RECORDS FOR THIS EXERCISE:
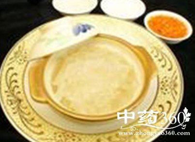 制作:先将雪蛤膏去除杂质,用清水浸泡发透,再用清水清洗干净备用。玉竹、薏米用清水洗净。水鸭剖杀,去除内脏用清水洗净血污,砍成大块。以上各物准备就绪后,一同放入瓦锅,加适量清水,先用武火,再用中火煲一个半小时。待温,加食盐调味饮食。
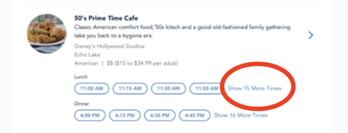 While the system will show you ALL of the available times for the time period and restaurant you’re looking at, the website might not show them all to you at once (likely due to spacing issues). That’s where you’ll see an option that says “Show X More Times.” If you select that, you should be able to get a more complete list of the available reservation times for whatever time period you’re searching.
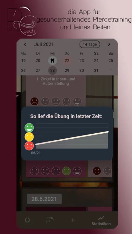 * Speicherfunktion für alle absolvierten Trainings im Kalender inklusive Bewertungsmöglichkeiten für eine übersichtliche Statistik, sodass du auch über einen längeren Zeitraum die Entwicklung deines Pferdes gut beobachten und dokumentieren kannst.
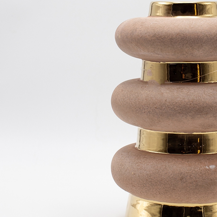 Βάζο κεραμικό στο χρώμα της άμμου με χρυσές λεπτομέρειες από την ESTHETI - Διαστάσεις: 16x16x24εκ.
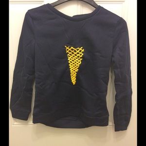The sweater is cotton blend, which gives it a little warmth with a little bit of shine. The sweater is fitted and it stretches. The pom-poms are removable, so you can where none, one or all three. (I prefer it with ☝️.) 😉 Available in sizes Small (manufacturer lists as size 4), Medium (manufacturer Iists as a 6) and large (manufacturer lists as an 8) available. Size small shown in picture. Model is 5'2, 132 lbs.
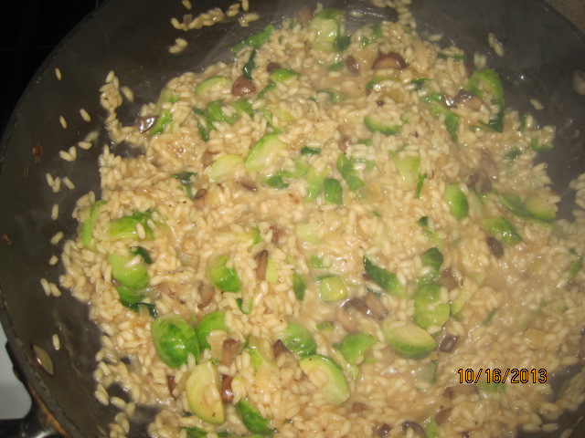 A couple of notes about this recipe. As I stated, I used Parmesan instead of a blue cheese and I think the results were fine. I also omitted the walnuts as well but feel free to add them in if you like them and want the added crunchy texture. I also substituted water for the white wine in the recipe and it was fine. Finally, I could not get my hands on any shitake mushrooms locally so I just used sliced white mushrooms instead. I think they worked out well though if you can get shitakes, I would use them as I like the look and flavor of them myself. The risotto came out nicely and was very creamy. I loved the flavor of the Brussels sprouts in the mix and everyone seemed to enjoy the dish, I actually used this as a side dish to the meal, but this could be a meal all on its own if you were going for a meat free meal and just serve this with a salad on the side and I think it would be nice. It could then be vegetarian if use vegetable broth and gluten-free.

==

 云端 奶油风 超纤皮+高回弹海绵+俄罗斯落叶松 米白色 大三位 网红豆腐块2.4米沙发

EXERCISE:
Set down exactly the lines above, from the line containing "制作:先将雪蛤膏去除杂质,用" through the line containing "The sweater is cotton". Skip the pictures.

FINISHED EXERCISE:
 制作:先将雪蛤膏去除杂质,用清水浸泡发透,再用清水清洗干净备用。玉竹、薏米用清水洗净。水鸭剖杀,去除内脏用清水洗净血污,砍成大块。以上各物准备就绪后,一同放入瓦锅,加适量清水,先用武火,再用中火煲一个半小时。待温,加食盐调味饮食。
 While the system will show you ALL of the available times for the time period and restaurant you’re looking at, the website might not show them all to you at once (likely due to spacing issues). That’s where you’ll see an option that says “Show X More Times.” If you select that, you should be able to get a more complete list of the available reservation times for whatever time period you’re searching.
 * Speicherfunktion für alle absolvierten Trainings im Kalender inklusive Bewertungsmöglichkeiten für eine übersichtliche Statistik, sodass du auch über einen längeren Zeitraum die Entwicklung deines Pferdes gut beobachten und dokumentieren kannst.
 Βάζο κεραμικό στο χρώμα της άμμου με χρυσές λεπτομέρειες από την ESTHETI - Διαστάσεις: 16x16x24εκ.
The sweater is cotton blend, which gives it a little warmth with a little bit of shine. The sweater is fitted and it stretches. The pom-poms are removable, so you can where none, one or all three. (I prefer it with ☝️.) 😉 Available in sizes Small (manufacturer lists as size 4), Medium (manufacturer Iists as a 6) and large (manufacturer lists as an 8) available. Size small shown in picture. Model is 5'2, 132 lbs.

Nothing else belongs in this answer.